In the decades to come, however, there would be many more claimants to wonder-working glory—among them other metals, polymers, ceramics, blends called composites, and the electrically talented group known as semiconductors. Over the course of the 20th century, virtually every aspect of the familiar world, from clothing to construction, would be profoundly changed by new materials. High performance materials would also make possible some of the century's most dazzling technological achievements: airplanes and spacecraft, microchips and magnetic disks, lasers and the fiber-optic highways of the Internet. And behind all that lies another, less obvious, wonder—the ability of scientists and engineers to customize matter for particular applications by manipulating its composition and microstructure: they start with a design requirement and create a material that answers it.
Of the various families of metals represented among high performance materials, steel still stands supreme in both versatility and volume of production. Hundreds of alloys are made by adding chromium, nickel, manganese, molybdenum, vanadium, or other metals to the basic steel recipe of iron plus a small but critical amount of carbon. Some of these alloys are superstrong or ultrahard; some are almost impervious to corrosion; some can withstand constant flexing; some possess certain desired electrical or magnetic properties. Highly varied microstructures can be produced by processing the metal in various ways.

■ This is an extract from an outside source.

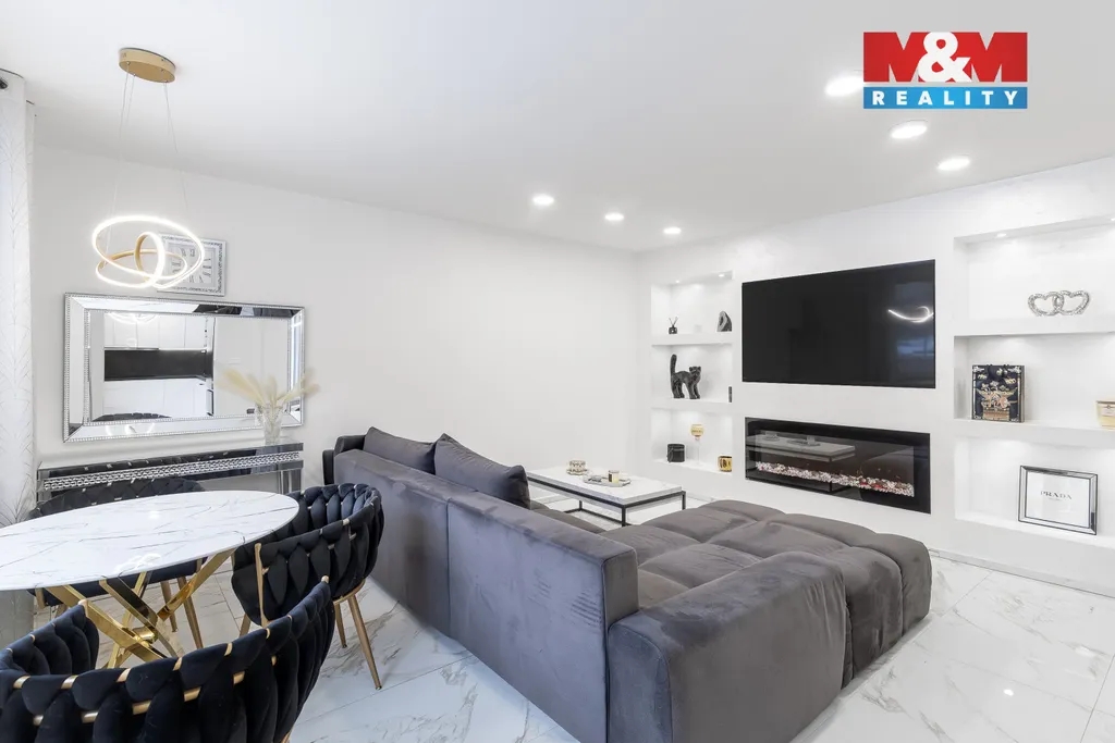 Exkluzivně nabízíme k prodeji byt 2+1 v osobním vlastnictví, po nadstandardní rekonstrukci, o podlahové ploše 62 m2. Nachází se ve zvýšeném přízemí zrevitalizovaného nízkopodlažního domu v klidné části ulice Břustkovy, v Ostravě Výškovicích. Byt disponuje prostorným obývacím pokojem s jídelním stolem a vstupem do kuchyně, velkou ložnicí, umožňující umístit kromě vestavěné skříně i pracovní kout, předsíní s další vestavěnou skříní a také koupelnou s vanou, s dvojicí umyvadel a vestavným WC. Rekonstrukce bytu v moderním designu zahrnovala novou elektroinstalaci, stropní pohledy, vydláždění podlah italskou luxusní dlažbou, dvě vestavěné skříně a taktéž kuchyňskou linku v bílém lesku a vestavěnými spotřebiči. Bonusem je skutečnost, že vybavení bytu včetně kvalitní sedací soupravy, postele, jídelního stolu s židlemi, veškerých televizí i efektního elektrického krbu je v ceně nemovitosti. Výhodou je také blízkost zastávek MHD, škol, školek, obchodů i možnost procházek v Bělském Lese.

Until well into the 20th century, new steel alloys were concocted mainly by trial-and-error cookery, but steelmakers at least had the advantage of long experience—3 millennia of it, in fact. That wasn't the case with aluminum, the third most common element in Earth's crust, yet never seen in pure form until 1825. It was heralded as a marvel—light, silvery, resistant to corrosion—but the metal was so difficult to separate from its ore that it remained a rarity until the late 19th century, when a young American, Charles Martin Hall, found that electricity could pull aluminum atoms apart from tight-clinging oxygen partners. Extensive use was still blocked by the metal's softness, limiting it to such applications as jewelry and tableware. But in 1906 a German metallurgist named Alfred Wilm, by happy chance, discovered a strengthening method. He made an alloy of aluminum with a small amount of copper and heated it to a high temperature, then quickly cooled it. At first the aluminum was even softer than before, but within a few days it became remarkably strong, a change caused by the formation of minute copper-rich particles in the alloy, called precipitation hardening. This lightweight material became invaluable in aviation and other transportation applications.
In recent decades other high performance metals have found important roles in aircraft. Titanium, first isolated in 1910 but not produced in significant quantities until the 1950s, is one of them. It is not only light and resistant to corrosion but also can endure intense heat, a requirement for the skin of planes traveling at several times the speed of sound. But even titanium can't withstand conditions inside the turbine of a jet engine, where temperatures may be well above 2,000° F. Turbine blades are instead made of nickel- and cobalt-based materials known as superalloys, which remain strong in fierce heat while spinning at tremendous speed. To ensure they have the maximum possible resistance to high-temperature deformation, the most advanced of these blades are grown from molten metal as single crystals in ceramic molds.